La prospettiva androcentrica è legittimata su scala sociale, a tal punto da diventare un modello naturale. L’uomo al vertice della piramide, che si impone in un rapporto di dominazione- subalternità.

La categorizzazione, l’incasellamento in atteggiamenti e ruoli, ha origine dal contesto familiare: la donna è moglie e madre, programmata per procreare e accudire, per sua naturale propensione all’affetto e alla tenerezza.

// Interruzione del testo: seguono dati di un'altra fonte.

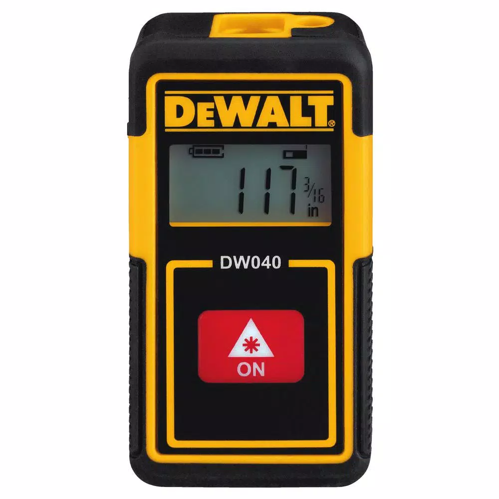 The DEWALT (R) 40 ft. Pocket Laser Distance Measurer is small and easy to use with 1-button operation. This laser distance measurer can be used for a wide range of applications from electrical and plumbing to basic home measurements. It has a rechargeable lithium-ion battery and comes with a wrist strap for added convenience.

L’uomo, di contro, è forte e deciso, perno dell’economia domestica.

No, non ci riferiamo ai tempi antichi, dei nostri nonni, ma a quelli più recenti.

Purtroppo, la mentalità è progredita sì, ma presenta residui intrusivi e interiorizzati di maschilismo.

La donna è bloccata in questa visione sociale di sé, ma anche l’uomo lo è, in quanto exemplum che deve costantemente dare prova della sua virilità. Pensare e ripensare se stesso come dominante, e imperturbabile. L‘emotività è tabù, stigmatizzata e intesa in termini socio-culturali come femminile.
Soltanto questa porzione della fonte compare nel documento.